Following is an example of a basic system in both specs and legion
Specs
impl<'a> System<'a> for OrbitSystem {
type SystemData = (
Read<'a, Time>,
ReadStorage<'a, Orbit>,
WriteStorage<'a, Transform>,
Write<'a, DebugLines>,
);
fn run(&mut self, (time, orbits, mut transforms, mut debug): Self::SystemData) {
for (orbit, transform) in (&orbits, &mut transforms).join() {
let angle = time.absolute_time_seconds() as f32 * orbit.time_scale;
let cross = orbit.axis.cross(&Vector3::z()).normalize() * orbit.radius;
let rot = UnitQuaternion::from_axis_angle(&orbit.axis, angle);
let final_pos = (rot * cross) + orbit.center;
debug.draw_line(
orbit.center.into(),
final_pos.into(),
Srgba::new(0.0, 0.5, 1.0, 1.0),
);
transform.set_translation(final_pos);
}
}
}
Legion
fn build_orbit_system(
world: &mut amethyst::core::legion::world::World,
) -> Box<dyn amethyst::core::legion::schedule::Schedulable> {
SystemBuilder::<()>::new("OrbitSystem")
.with_query(<(Write<Transform>, Read<Orbit>)>::query())
.read_resource::<Time>()
.write_resource::<DebugLines>()
.build(move |commands, world, (time, debug), query| {
query
.iter_entities()
.for_each(|(entity, (mut transform, orbit))| {
let angle = time.absolute_time_seconds() as f32 * orbit.time_scale;
let cross = orbit.axis.cross(&Vector3::z()).normalize() * orbit.radius;
let rot = UnitQuaternion::from_axis_angle(&orbit.axis, angle);
let final_pos = (rot * cross) + orbit.center;
debug.draw_line(
orbit.center.into(),
final_pos.into(),
Srgba::new(0.0, 0.5, 1.0, 1.0),
);
transform.set_translation(final_pos);
});
})
}
Example bundle Changes
RenderBundle - Specs
impl<'a, 'b, B: Backend> SystemBundle<'a, 'b> for RenderingBundle<B> {
fn build(
mut self,
world: &mut World,
builder: &mut DispatcherBuilder<'a, 'b>,
) -> Result<(), Error> {
builder.add(MeshProcessorSystem::<B>::default(), "mesh_processor", &[]);
builder.add(
TextureProcessorSystem::<B>::default(),
"texture_processor",
&[],
);
builder.add(Processor::<Material>::new(), "material_processor", &[]);
builder.add(
Processor::<SpriteSheet>::new(),
"sprite_sheet_processor",
&[],
);
// make sure that all renderer-specific systems run after game code
builder.add_barrier();
for plugin in &mut self.plugins {
plugin.on_build(world, builder)?;
}
builder.add_thread_local(RenderingSystem::<B, _>::new(self.into_graph_creator()));
Ok(())
}
}
RenderBundle - Legion
impl<'a, 'b, B: Backend> SystemBundle for RenderingBundle<B> {
fn build(mut self, world: &mut World, builder: &mut DispatcherBuilder) -> Result<(), Error> {
builder.add_system(Stage::Begin, build_mesh_processor::<B>);
builder.add_system(Stage::Begin, build_texture_processor::<B>);
builder.add_system(Stage::Begin, build_asset_processor::<Material>);
builder.add_system(Stage::Begin, build_asset_processor::<SpriteSheet>);
for mut plugin in &mut self.plugins {
plugin.on_build(world, builder)?;
}
let config: rendy::factory::Config = Default::default();
let (factory, families): (Factory<B>, _) = rendy::factory::init(config).unwrap();
let queue_id = QueueId {
family: families.family_by_index(0).id(),
index: 0,
};
world.resources.insert(factory);
world.resources.insert(queue_id);
let mat = crate::legion::system::create_default_mat::<B>(&world.resources);
world.resources.insert(crate::mtl::MaterialDefaults(mat));
builder.add_thread_local(move |world| {
build_rendering_system(world, self.into_graph_creator(), families)
});
Ok(())
}
}
Parallelization of mutable queries
One of the major benefits of legion is its granularity with queries.
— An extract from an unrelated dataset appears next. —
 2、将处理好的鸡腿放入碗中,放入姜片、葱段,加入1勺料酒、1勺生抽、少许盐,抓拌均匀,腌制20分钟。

Specs is not capable of performing a parralel join of Transform currently, because FlaggedStorage is not thread safe. Additionally, a mutable join such as above automatically flags all Transform components as mutated, meaning any readers will get N(entities) events.
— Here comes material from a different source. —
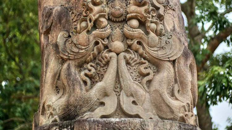 Phần trụ tròn là nơi tập trung tinh hoa mỹ thuật của cột đá, được chạm nổi đôi rồng theo đồ án “lưỡng long hiến châu”. Đây chính là điểm nhấn của phần thân cột đá, và cũng là nét đặc trưng mỹ thuật thời Lý.

In legion, however, we get this short syntax: query.par_for_each(|(entity, (mut transform, orbit))| { Under the hood, this code actually accomplishes more than what ParJoin may in specs. This method threads on a per-chunk basis on legion, meaning similiar data is being linearly iterated, and all components of those entities are in cache.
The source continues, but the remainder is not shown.